The effective date for the Consolidation and Name change is anticipated to be January 27, 2017. Prior to the effective date, the Company's shares will continue to trade on the TSXV under the current trading symbol and on the anticipated effective date the Company's shares will begin trading on the TSXV under the trading symbol "POI".

The Company will provide further details on confirmation of the effective date.

Change in Board Composition and Appointment of Officers

At its meeting on January 24, 2017, the Board appointed Mr. Cameron Chell as a director and as its new Interim CEO, subject to TSXV approval. Mr. Chell, a serial entrepreneur, is a co-founder of the Company. He has two decades of executive experience in start-up businesses that he has founded.
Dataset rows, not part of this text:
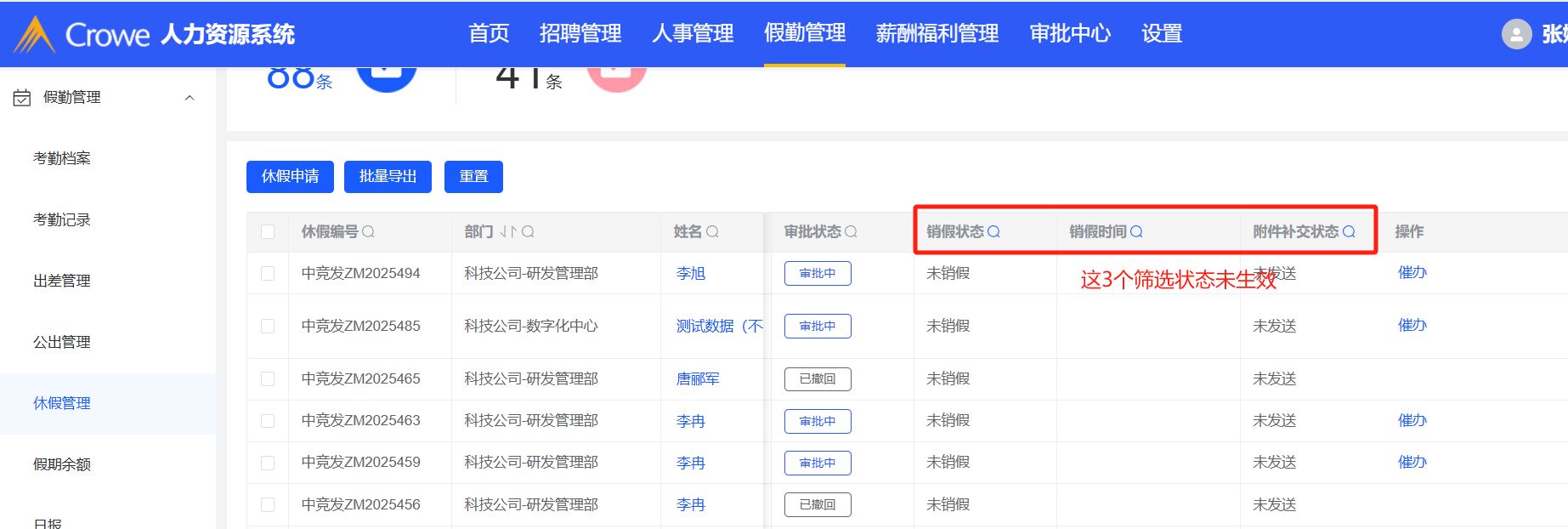 假勤管理-休假管理:销假状态、销假时间、附件补交状态筛选未生效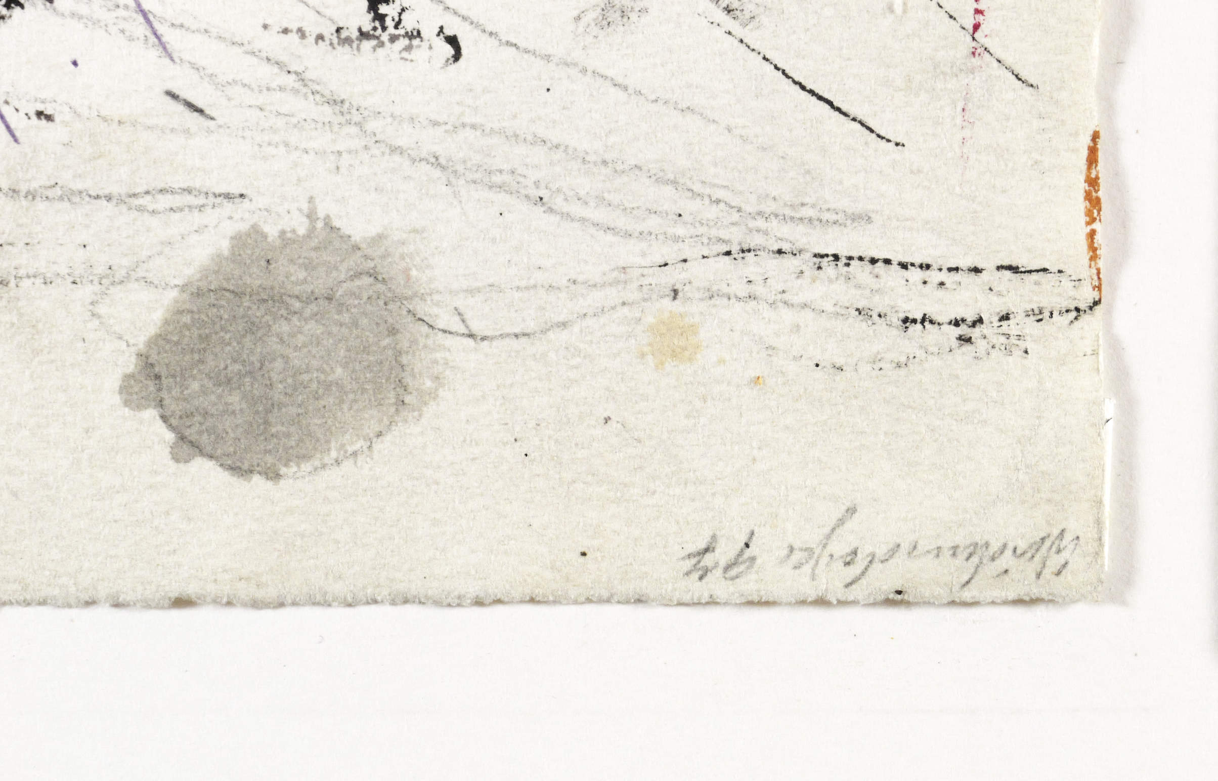 Links oben in Bleistift signiert und datiert. Verso signiert, datiert und betitelt. – Vom Künstler original auf Trägerblatt aufgesetzt und in Passepartout montiert. Guter Zustand.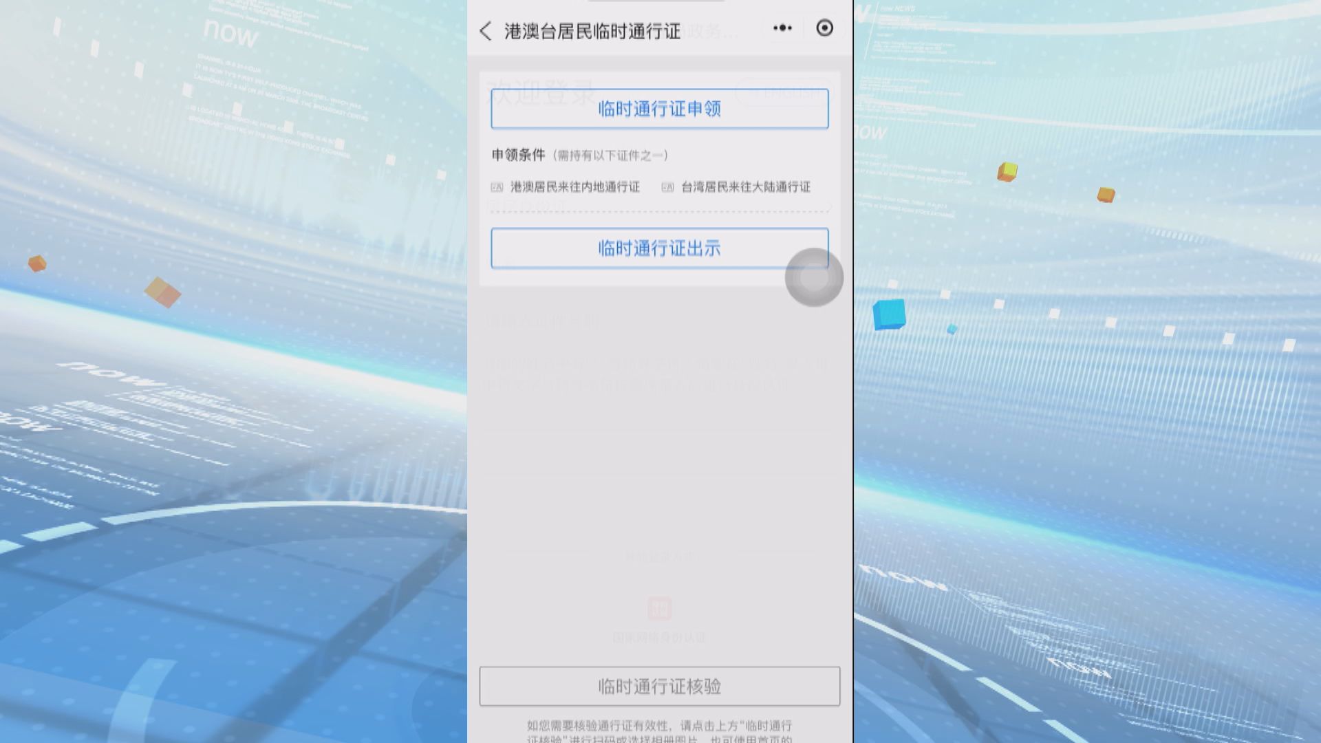 即日起,港澳台居民要緊急搭飛機或火車往內地,可經手機登入內地出入境管理局的服務平台「移民局12367」,即時申辦為期7天的臨時通行證,供相關單位查驗,每個月可申請2次。只需經微信小程序揀選辦理臨時通行證,輸入姓名及證件號碼,通過實名認證後,就會收到二維碼。

Erika Racicot was appointed as President and Chief Operating Officer. Ms. Racicot is a co-founder of the Company and has served as its COO. Over the past decade, Erika has led and advised early-stage corporate teams involved in operations, product development and marketing.
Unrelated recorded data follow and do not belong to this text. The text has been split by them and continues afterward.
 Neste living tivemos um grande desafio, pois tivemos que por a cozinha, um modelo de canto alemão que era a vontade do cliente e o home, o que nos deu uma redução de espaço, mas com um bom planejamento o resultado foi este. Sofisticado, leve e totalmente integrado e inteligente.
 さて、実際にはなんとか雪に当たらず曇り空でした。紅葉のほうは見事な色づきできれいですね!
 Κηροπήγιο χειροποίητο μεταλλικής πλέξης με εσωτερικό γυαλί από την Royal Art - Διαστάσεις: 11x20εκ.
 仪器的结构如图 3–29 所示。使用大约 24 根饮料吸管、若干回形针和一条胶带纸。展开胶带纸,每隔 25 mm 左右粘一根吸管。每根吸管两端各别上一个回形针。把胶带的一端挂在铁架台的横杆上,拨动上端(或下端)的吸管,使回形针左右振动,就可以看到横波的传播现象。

As part of the transition, the Board accepted the resignations of Travis Reid, George Colwell and Dale Johnson as directors and officers, effective immediately.

Appointment of Auditor

The Board has appointed Collins Barrow Calgary LLP, Chartered Professional Accountants as the Company's external auditor effective January 25, 2017, replacing Collins Barrow Toronto LLP. The Company's head office has also been relocated from Toronto to Calgary and is now located at LM 120, 2303, 4th Street SW, Calgary Alberta, T2S 2S7.

Repayment of Bridge Loan

As previously announced on October 24, 2016, Business Instincts Group provided the Company with $585,000 in temporary, non-interest-bearing, unsecured bridge financing. The Company repaid this bridge loan from the proceeds of the Transaction.

Redemption of Convertible Debentures

The Company has redeemed $250,000 of convertible debentures issued on June 26, 2017. Interest payable on the redeemed debentures was forfeited.

Neither the TSXV nor its Regulation Services Provider (as that term is defined in policies of the TSXV) accepts responsibility for the adequacy or accuracy of this release.

Statements in this press release contain forward-looking information. The words "will," "anticipate," "believe," "estimate," "expect," "intent," "may," "project," "should," and similar expressions are intended to be among the statements that identify forward-looking statements. The forward-looking statements are founded on the basis of expectations and assumptions made by Slyce.

Readers are cautioned that assumptions used in the preparation of such information may prove to be incorrect. Events or circumstances may cause actual results to differ materially from those predicted, a result of numerous known and unknown risks, uncertainties, and other factors, many of which are beyond the control of Slyce.